African-Americans and our fellow citizens drawn from every race and ethnicity have gathered in the thousands throughout the country to protest the unprovoked killing of George Floyd last month. For weeks, this outpouring of anger, grief and anguish has prompted a long-overdue moment of profound national soul-searching. That racism and structural injustice have been embedded in our society and its institutions from the beginning of this nation, and the destructive harm this hateful ideology continues to inflict on our black brothers and sisters has become undeniable by all people of good will.

African-Americans cry out in profound pain. They know from bitter experience that in our society their lives have not mattered as much as white lives, not only during the long night of slavery and Jim Crow but right up to the present day. The death of George Floyd and so many black men and women who have died like him is just the most egregious of the harms inflicted on them. And they rightly seek recognition that their lives matter; that they are significant, that they are important, that they are precious, that they are valued, that they are created in the image and likeness of God and deserve to be treated equally and fairly, with dignity and respect by everyone.

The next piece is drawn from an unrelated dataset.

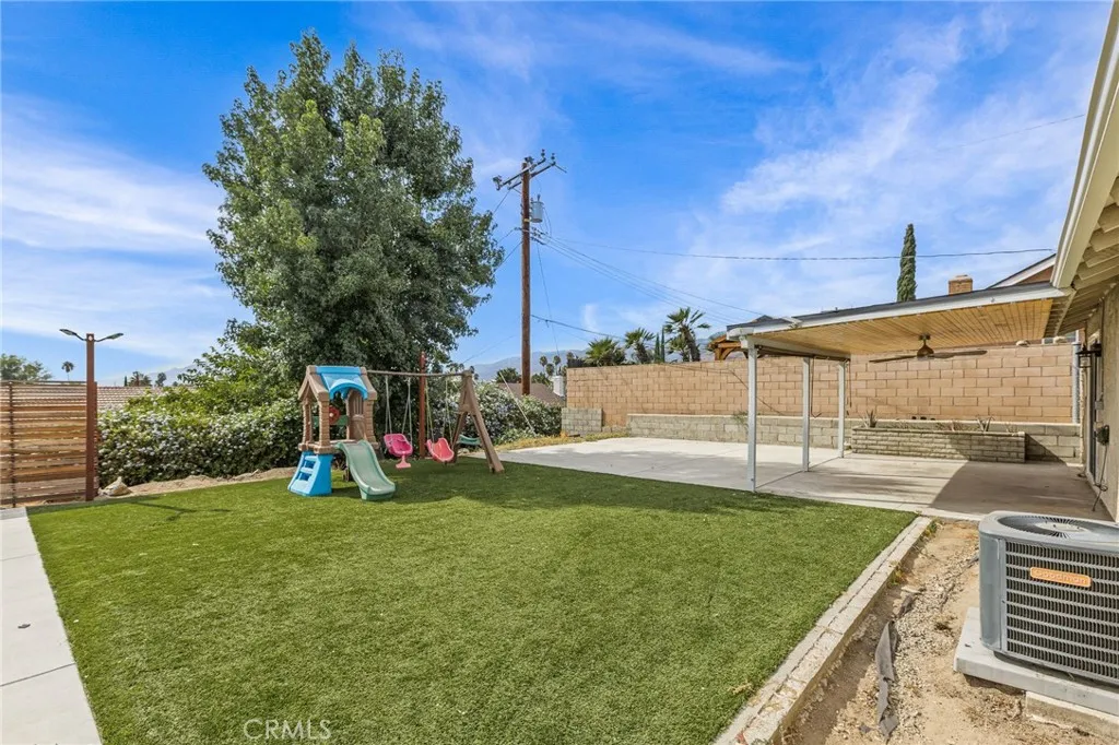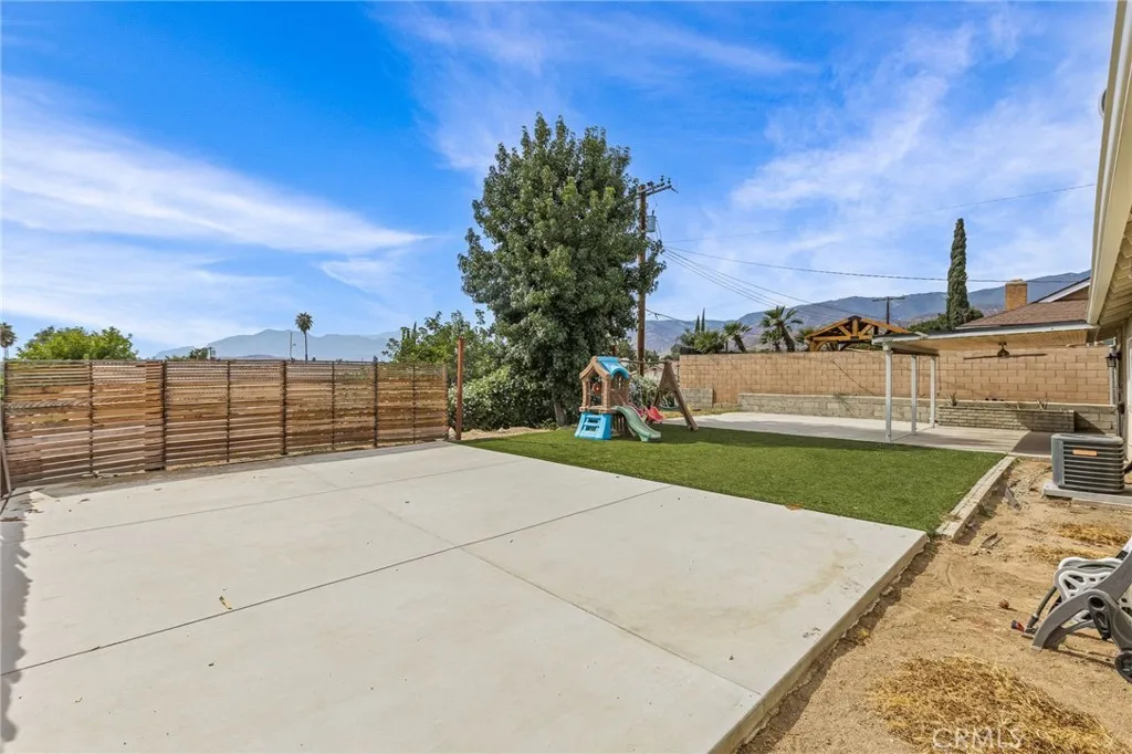 This beautifully updated corner lot home offers great curb appeal, a spacious front lawn, and ample parking. Inside, enjoy freshly painted walls, dual-pane energy-efficient windows, and a bright, updated kitchen with modern appliances, ready for your personal touch. The kitchen opens to a versatile space that can be used as a cozy family room with a fireplace and sliding glass doors leading to a covered patio. Featuring four bedrooms, including two connected by a convenient Jack and Jill bathroom, this home also boasts generous hallway storage. The finished garage, upgraded electrical fixtures, and blown-in attic insulation add comfort and value throughout. The backyard is perfect for entertaining or relaxing, with updated landscaping and plenty of space for a future pool, garden, or shed. Additional upgrades include a new patio roof, AC ducting, ceiling fans, a new water heater, and more. Located just minutes from Yaamava Resort & Casino, the 210 freeway, and nestled on a quiet, pride-of-ownership street, this home is a must-see!
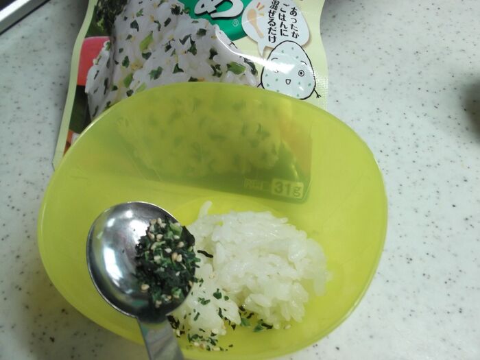 お好きな混ぜ込みわかめでどうぞ。今回は若菜を使っています。

Despite laws outlawing legal segregation and guaranteeing the right to vote, racism continues to oppress African-Americans and people of color, from the daily indignities of hostility, suspicion, and contemptuous and demeaning slurs to sub-standard and underfunded schools, housing and employment discrimination, to mass-incarceration of young men, inadequate access to health care, and most recently a disproportionate death-rate due to the pandemic.

Each of us should be working to create a just society in which we have faced up to the structures of inequality, discrimination and racism and dismantle them forever. In our best moments as a nation – at the time of Emancipation, during Reconstruction, and in many of our own lifetimes, during the Civil Rights Era, we have worked together to make our nation worthy of its finest aspirations of liberty and justice for all.

Let us repent of the ways in which we have failed to live up to that ideal and work together to fulfill our nation’s founding premise, that all people are created equal and are endowed by their Creator with these self-evident rights to life, liberty and the pursuit of happiness. As St. Paul writes in 1 Corinthians 12:26, If [one] part suffers, all the parts suffer with it; if one part is honored, all the parts share its joy.

We are presented with the call to change, to transform, and thereby move towards a deeper conversion to Christ as we truly learn to love our neighbor.